We examined the therapeutic potential of BRSK2 in a murine model of pulmonary fibrosis. Mice received aerosolized PBS, PEI/siCtrl, or PEI/si-BRSK2 every 2 days for seven doses (Fig. 3J). While significant weight loss was noted post-bleomycin (BLE) administration in both PEI/siCtrl and PEI/si-BRSK2 groups, the latter showed less weight reduction (Fig. 3K). On day 21, the lungs were harvested and analyzed. Ashcroft scores confirmed that BLE induced pulmonary fibrosis in mice, showing severe structural distortion and enlarged fibrotic areas, whereas inhalation of PEI/si-BRSK2 mitigated these fibrotic levels (Fig. 3L). Histological analysis showed marked alveolar wall thickening, inflammatory cell infiltration, and increased collagen deposition in the PEI/siCtrl group. In contrast, PEI/si-BRSK2 treatment significantly reduced α-SMA and Col1A1 levels (Fig. 3M). The hydroxyproline assay indicated a significant decrease in hydroxyproline levels in the PEI/si-BRSK2 group, highlighting its therapeutic effects (Fig. 3N). ELISA results also showed elevated IL-1β and TNF-α levels in pulmonary fibrosis mice, which were significantly reduced following PEI/si-BRSK2 treatment, suggesting its efficacy in mitigating the cytokine storm associated with pulmonary fibrosis (Fig. 3O, P).
Association of BRSK2 downstream molecules with IPF
Based on previous findings, we investigated the mediating role of plasma protein components from the deCODE and UKBPPP studies in IPF risk using mRNA expression levels of BRSK2 in lung tissues from GTEX and eQTLGen blood tissues. Mediator analyses of IVW and cML-MA identified 20 mediators (BRSK2, COLEC12, CTRL, CTSD, CTSH, DLL4, GSTA3, GZMM, ICAM5, IFNAR1, IL1RN, LILRA5, MIA, NTN1, PON3, PRSS2, PSMB1, TALDO1, TREM2, VEGFA) that may act as downstream pathogenic molecules for BRSK2 (Additional file 1: Tables S18–S19, Fig. 4A). Besides the BRSK2 protein, the remaining mediators contributed to 0.537–22.106% of the mediation effect. Our colocalization analysis of the three protein sources and three endpoint sources indicated that 11 BRSK2 downstream facilitators (BRSK2, CTRL, CTSD, CTSH, DLL4, IL1RN, NTN1, PON3, PSMB1, TALDO1, VEGFA) could be driven by the same causal variant in IPF development, with strong colocalization support for PSMB1 in the deCODE study and IPF data from the FinnGen study (PPH4 = 0.800, PPH3 + 4 = 0.890) (Additional file 1: Table S20, Fig. 4B–C). In GSE150910 (n = 103 samples), BRSK2 expression in lung tissues from IPF patients correlated with the expression levels of 12 BRSK2 mediators, with strong association coefficients for PSMB1, CTSD, and CTSH (Additional file 1: Table S21, Fig. 4C). Additionally, in both animal and human-derived cellular models, we validated the expression changes of eight downstream molecules, including PSMB1, upon BRSK2 silencing (Additional file 2: Fig. S11).

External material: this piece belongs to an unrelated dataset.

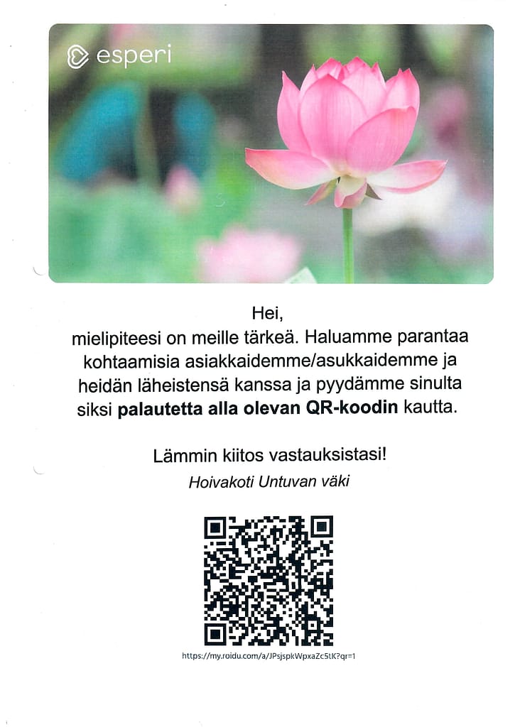 Saman QR-koodin löydät myös hoivakodin ilmoitustaululta.
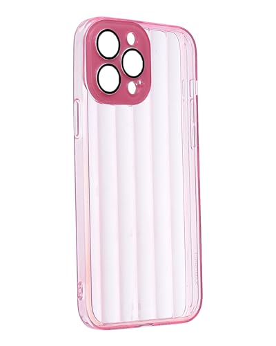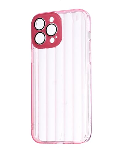 Generic. - جراب حماية خلفي من البلاستيك المضلع عالي الجودة مضاد للصدمات ومصمم بحافة مرتفعة لحماية عدسة الكاميرا لموبايل آيفون 13 برو ماكس - لون وردي شفاف

Potential plasma protein mechanisms by which BRSK2 promotes IPF. A Sankey diagram of plasma protein-mediated pathways for BRSK2 to promote the development of IPF. B Colocalization analysis of Cis-pQTL for PSMB1 (deCODE) and GWAS for IPF (FinnGen). C Colocalization analysis of BRSK2 promoting IPF mediation protein and IPF. D KEGG enrichment analysis of blood BRSK2 (eQTLGen) affecting plasma protein content. E KEGG enrichment analysis of lung BRSK2 (GTEX) affecting plasma protein content. IPF, idiopathic pulmonary fibrosis; GWAS, genome-wide association study; eQTL, expression quantitative trait loci; pQTL, protein quantitative trait loci; PPH, posterior probabilities for hypotheses; KEGG, Kyoto Encyclopedia of Genes and Genomes
This confirmed that the plasma protein mechanism we identified is strongly correlated and consistent with the lung mechanism. Moreover, PSMB1, CTSD, and CTSH may serve as significant downstream molecules of BRSK2 in promoting the progression of IPF. Further enrichment analyses suggested that BRSK2 potentially impacts overall plasma protein levels, showing that changes in BRSK2 in blood and lung tissue affecting plasma proteins were predominantly enriched in cytokine-cytokine receptor interactions (Fig. 4D, E).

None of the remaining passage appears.